How to show I_n + A is invertible

[HappyN]

Let A be an n x n matrix such that A^k=0_n,n (the n x n zero matrix) for some natural integer k. How would you show that I_n + A is invertible?

 

[lurflurf]

Suppose that (I+A)^-1 exists and compute it.

 

[AlephZero]

Think about the expansion of (1+x)^-1 by the Binomial theorem.

@lurflurf, this works fine when A is singular. For example if n = 2 and A =
0 1
0 0

 

[lurflurf]

^Oops clearly A is singular, I meant suppose A+I is nonsingular, that is needed, and in fact always true.

 

[monea83]

Hi all,

I tried to prove this for myself, but did not get anywhere :-(

Think about the expansion of (1+x)^-1 by the Binomial theorem.

@lurflurf, this works fine when A is singular. For example if n = 2 and A =
0 1
0 0

I don't quite get this... how does the Binomial theorem help here?
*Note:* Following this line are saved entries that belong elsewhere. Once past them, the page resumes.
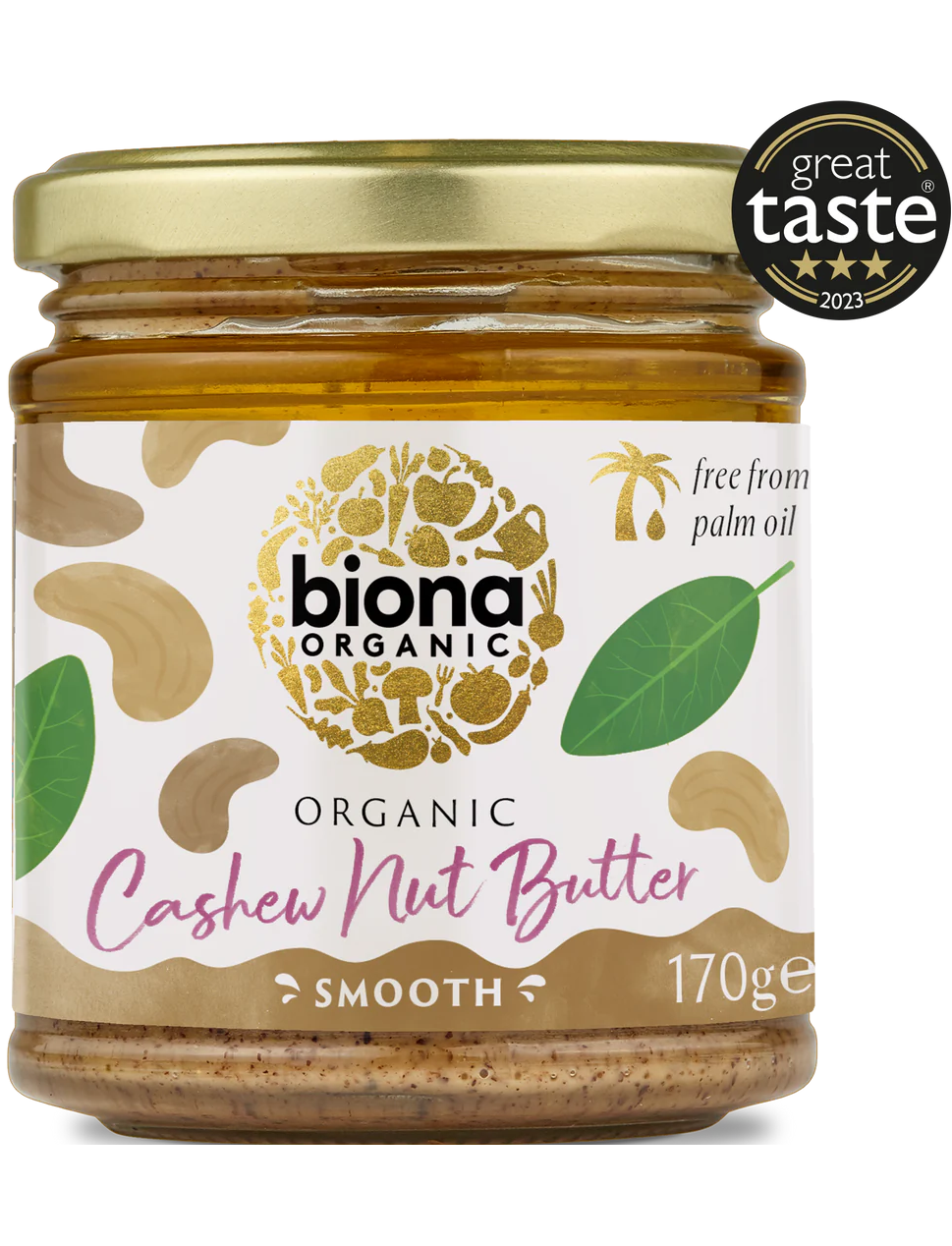 Органічне масло кеш'ю Biona виробляється з невеликих партій свіжообсмажених, сертифікованих органічних горіхів - і все! Ми не використовуємо пальмовий жир чи емульгатори, лише цілі горіхи, що означає, що ви отримуєте їх поживні якості та смак. Масло кеш’ю є, мабуть, найтемнішим з усіх горіхових масел і чудово відрізняється від арахісового чи мигдального. Його дуже смачно намазати на гарячі тости та посипати бананом для ситного початку ранку, а також чудово підійти після обіду, якщо намазати його поверх крекерів. Його характерна оксамитова консистенція творить чудеса в смузі, сирих десертах і навіть може використовуватися як заміна традиційного крему для прикраси тортів. Якщо всередині лише 100% цільні смажені горіхи кеш’ю, горіхове масло може іноді відокремлюватися, але це не впливає на якість продукту. Просто перемішайте, щоб відновити природну консистенцію, і насолоджуйтесь! Для досягнення найкращих результатів зберігайте в прохолодному сухому середовищі.
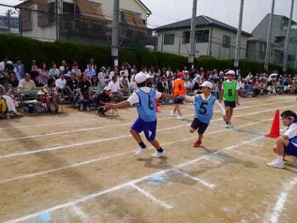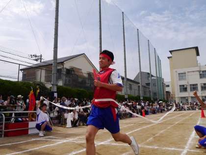 6/14(日)、運動会の最後の競技は、「選抜縦割りリレー」です。紅組白組の男女それぞれが、代表選手を選んで2組ずつの縦割りリレーチームをつくり、最後の競技にふさわしい全力の戦いを繰りひろげました。「位置について よーい パン!」---スタートをきった1年生の小さな体が弾けるように駆けていきました。次々に上級生へとバトンがつながっていきます。懸命な表情。全力疾走の迫力。大きな声援。アンカーの9年生が会場に満ちたたくさんの思いに筋肉がちぎれんばかりの力走で応えました。1年生から9年生までつながったリレー。小中一貫校ならではの見応えのある競技で運動会の競技が締めくくられました。
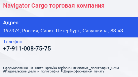 Navigator Cargo, торговая компания по адресу 197374, Россия, Санкт-Петербург, Савушкина, 83 к3 в дальнейшем Организация, размещена в следующих категориях:
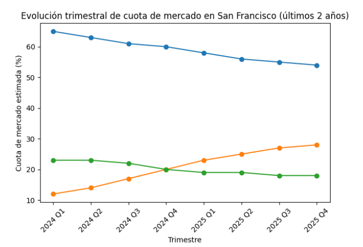Desde el despliegue comercial en San Francisco de Waymo, un servicio de taxis robotizados desarrollado por Alphabet-Google, la dinámica del mercado de la movilidad urbana ha cambiado. Esta plataforma aporta conducción totalmente sin conductor y se está comiendo a sus competidores que hasta hace días eran disruptivos como Uber o Lyft. La ciudad de California es un escenario ideal para observar lo que pronto va a ocurrir en otros puntos del mundo, a medida que los conocidos como «robotaxis» sean plenamente legales.
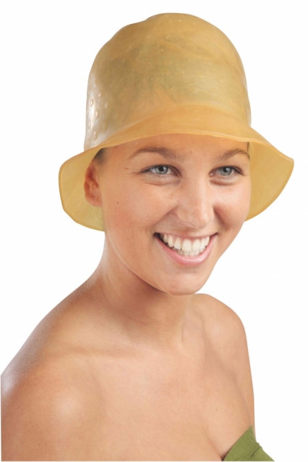 Perinteinen ruskea luonnonkumihuppu on klassikkotuote. Sen voi muokata monen kokoiseen päähän käytännöllisen lierin avulla. Lieri estää myös väriaineiden valumisen. Valmiita reikiä on riittävästi perusraidoitukseen.
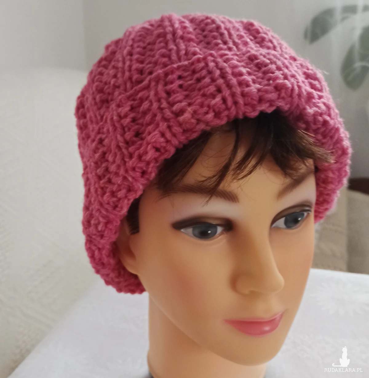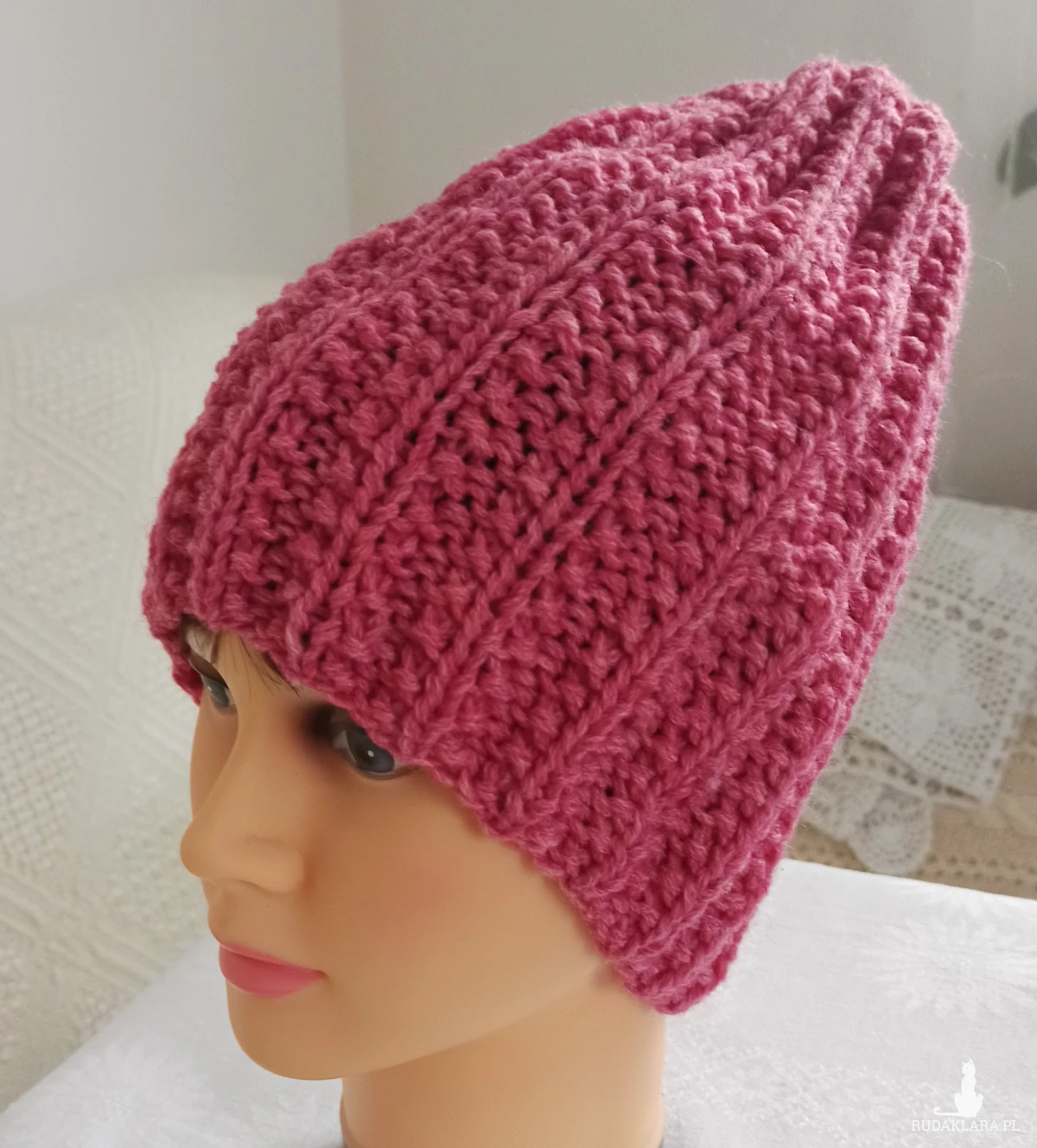 typu oversize wykonana z fuksjowej/różowej mieszanki wełny 65% z domieszką 35% akrylu. Wykonana dekoracyjnym wzorem, dosyć efektownym. Leciutka, przyjemna w dotyku, nie gryzie. Dobrze ogrzewa i
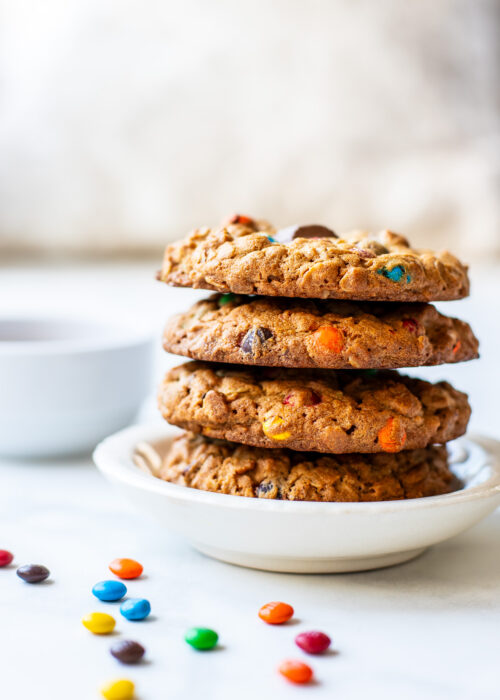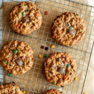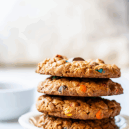 These Oatmeal Peanut Butter Chocolate Candy Cookies are totally EPIC! Hands down one of my favorite cookies ever. They’re stuffed with toasted oats and pecans, peanut butter and two kinds a scrumptious candies, mini M&M’s and mini Reese’s peanut butter cups. They’re absolutely irresistible! And they’re flourless too!

According to http://en.wikipedia.org/wiki/Binomial_theorem the expansion is only defined for non-negative integers?

 

[AlephZero]

I meant what the Wiki page calls "Newton's generalized binomial theorem".

This gives an infinite series expansion in general, and the series may not converge.

But you know that A^k = 0, and therefore A^m = 0 for any integer m > k, so in this case the series has a finite number of non-zero terms.

 

[mathwonk]

If you know how to multiply (x-y)(x+y)? or even (1-x)(1+x)? you can do this.

 

[Deveno]

we know that A^k is the 0-matrix, right?

well, let's look at the product:

(I + A)(I - A + A^2 - A^3 +...+ (-1)^(k-1)A^(k-1)) =

I - A + A^2 - A^3 +...+ (-1)^(k-1)A^(k-1) + A - A^2 + A^3 -...+(-1)^(k-1)A^k

= I + (-1)^(k-1)A^k = I